Пришли в гости к Евгению, чтобы наконец выяснить, почему душа — не метафора, смерть — лишь смена агрегатного состояния, а литература — разновидность игры. Осознали, что любовь должна быть вечной, человек видит не глазами и ничто не исчезает, а в подходящее время все возникнет вновь. Например, пластиковая бутылка.
Ничто не исчезает, и в подходящее время все возникнет вновь
«Последнее дело майора Чистова» — что это? Метафизический детектив? Мистическая производственная драма? Нейротриллер?
Я давно хотел написать детектив. Детектив — жанровая литература, которая прямо говорит о нравственности. Там добро и зло, добро побеждает зло. Или не побеждает. И вокруг этого я создаю другую реальность.
Я определяю основу этого романа как советский детектив. Я не был большим поклонником Советского Союза, но он совпал с моей молодостью, а она все преодолевала. И это действует как анестезия в отношении советского строя.
Но к постсоветскому товарищу майору вы относитесь с симпатией.
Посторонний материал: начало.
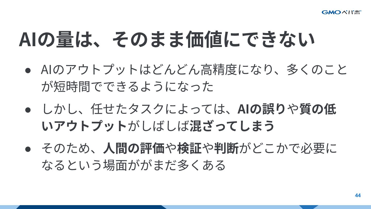 44 AIの量は、そのまま価値にできない • AIのアウトプットはどんどん⾼精度になり、多くのこと が短時間でできるようになった • しかし、任せたタスクによっては、AIの誤りや質の低 いアウトプットがしばしば混ざってしまう • そのため、⼈間の評価や検証や判断がどこかで必要に
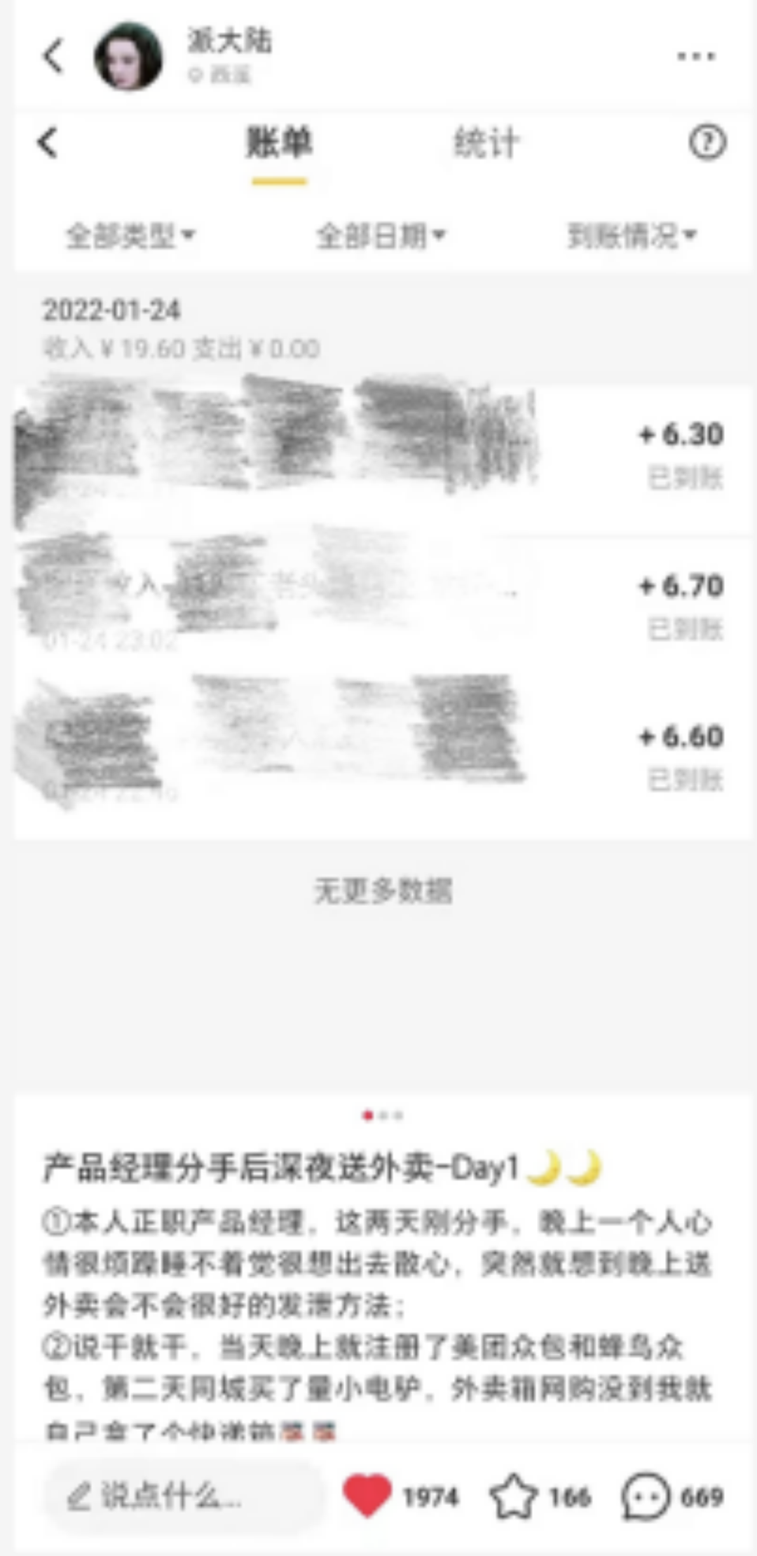 因?yàn)槲易鍪虑榭偸侨齑螋~(yú)兩天曬網(wǎng),我就把每天派送的記錄發(fā)送到小紅書(shū)上,自己給自己打卡。沒(méi)想到,很多人定時(shí)來(lái)刷我的動(dòng)態(tài),有的問(wèn)我怎么找的兼職,有的跟我聊工作壓力、失戀體會(huì),萬(wàn)萬(wàn)沒(méi)想到我還以這種方式交到了朋友。

Да, отношусь с большой симпатией. Если бы мне не нравился майор Чистов, я бы не стал о нем писать. Я, бывает, пишу и о негодяях, но все равно стараюсь искать в них лучшее. А тут замечательный человек, который задумался о душе, занимаясь полицейскими разысканиями. Это ведь хорошо, потому что обычно ищут тело, а душу не ищет никто и никогда. Хотя ведь не тело совершает преступление, а душа.
Вы, наверное, единственный большой русский писатель прямо сейчас, который говорит о душе без кавычек.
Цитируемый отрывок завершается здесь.